In May 2011, Aminuddin Ihsan greeted Sultan Hassanal Bolkiah at the Berakas Garrison for the RBAF golden jubilee celebration, which featured a large parade of 1,250 personnel under the theme "Defending My Country - Brunei Darussalam." On 1 September 2012, he alongside Mustappa Sirat, convened a news conference at the Ministry of Defence at Bolkiah Garrison to announce the results of a five-week inquiry by the Supreme Board of Inquiry into the 2012 Rampayoh helicopter crash. On 12 November 2012, he visited the United Kingdom to strengthen defence ties, meeting with senior British military leaders including Mark Stanhope, Peter Wall, and Stephen Dalton during his four-day official visit.

On 23 January 2013, Aminuddin Ihsan visited Beijing, where he met with China's Minister of Defence, Liang Guanglie, and Chief of Joint Staff Department, Fang Fenghui, to discuss strengthening cooperation between the RBAF and the People's Liberation Army. Later that year, on 19 March, he led Brunei's delegation at the 10th ASEAN Defence Ministers' Meeting (ACDFIM), aiming to enhance regional military cooperation and maintain peace and stability.

Aminuddin Ihsan handed over his role as chairman of the RBAF Cooperative, KOWIRA, to Mohammad Tawih on 24 January 2014, expressing confidence in his successor's leadership. Shortly after, on 30 January, he officially handed over his duties as commander of the RBAF to Mohammad Tawih in a ceremony at Berakas Garrison.

== Diplomatic career ==
Aminuddin Ihsan, newly appointed as Brunei's high commissioner to the United Kingdom, was presented with the letter of credence by Sultan Hassanal Bolkiah at Istana Nurul Iman on 15 May 2014. Later that year, on 12 November, he presented his credentials to Elizabeth II at Buckingham Palace in London.

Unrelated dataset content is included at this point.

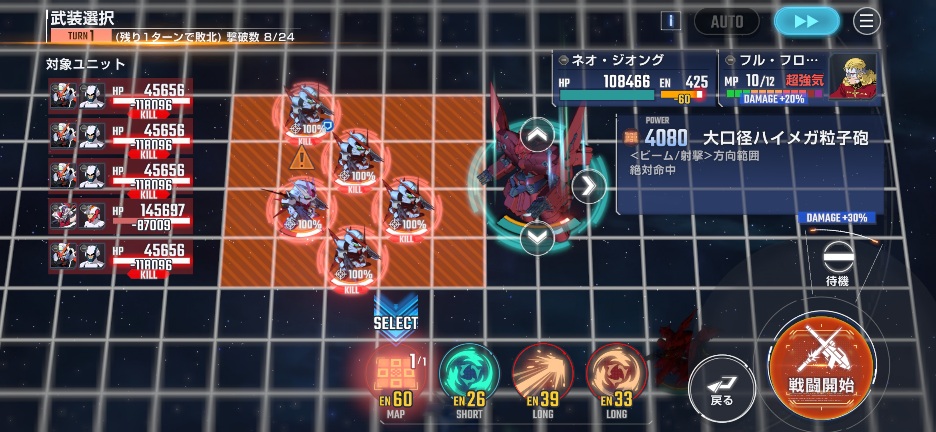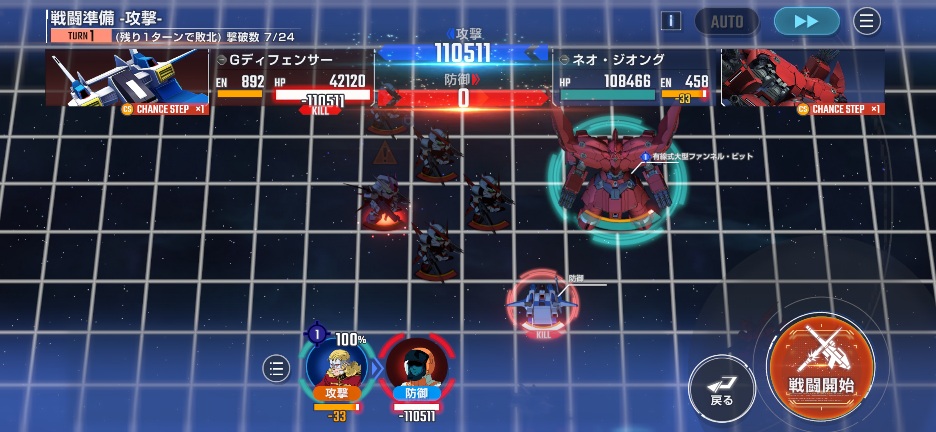 ネオジオングを画像位置に移動させて、Gディフェンサーを攻撃

On 15 February 2015, Aminuddin Ihsan was also present to greet Sultan Hassanal Bolkiah upon his arrival in London for a meeting with UK Prime Minister David Cameron, which included a signing ceremony for the exchange of notes and letters between Brunei and the UK.

== Political career ==
On 30 January 2018, Aminuddin Ihsan was appointed as the minister of culture, youth, and sports in a cabinet reshuffle announced by Sultan Hassanal Bolkiah, with his term set for five years. Later, on 5 December, he reminded Brunei's athletes participating in the 10th BIMPNT-EAGA Friendship Games to uphold the Melayu Islam Beraja philosophy, follow the rules, and maintain good conduct, encouraging them to compete with pride and professionalism.

Aminuddin Ihsan highlighted the crucial role of ASEAN youth in driving sustainable development and fostering regional integration during the 11th ASEAN Ministerial Meeting on Youth in Vientiane on 19 July 2019. He underscored their dynamic contribution to the region's progress, aligning with the theme of AMMY XI, and reaffirmed Brunei's commitment to youth empowerment through initiatives in engagement, entrepreneurship, and education under a Whole of Nation approach. Later, on 24 September 2020, Aminuddin announced updated guidelines for sports competitions, allowing six individual sports to resume under strict health protocols.

On 10 January 2021, Aminuddin Ihsan highlighted the importance of the newly appointed leadership of the Brunei–China Friendship Association in strengthening ties and expanding cooperation, particularly through youth and cultural initiatives, during the 6th Leadership Oath Ceremony for the 2021–2023 term. Additionally, he chaired the ASEAN Socio-Cultural Community Pillar in 2021 and attended the G20 Ministerial Conference on Women's Empowerment as an invited guest of Italy, where he stressed ASEAN's 2021 theme, "We Care, We Prepare, We Prosper," reaffirmed ASEAN's commitment to gender equality and women's empowerment, and discussed various regional initiatives.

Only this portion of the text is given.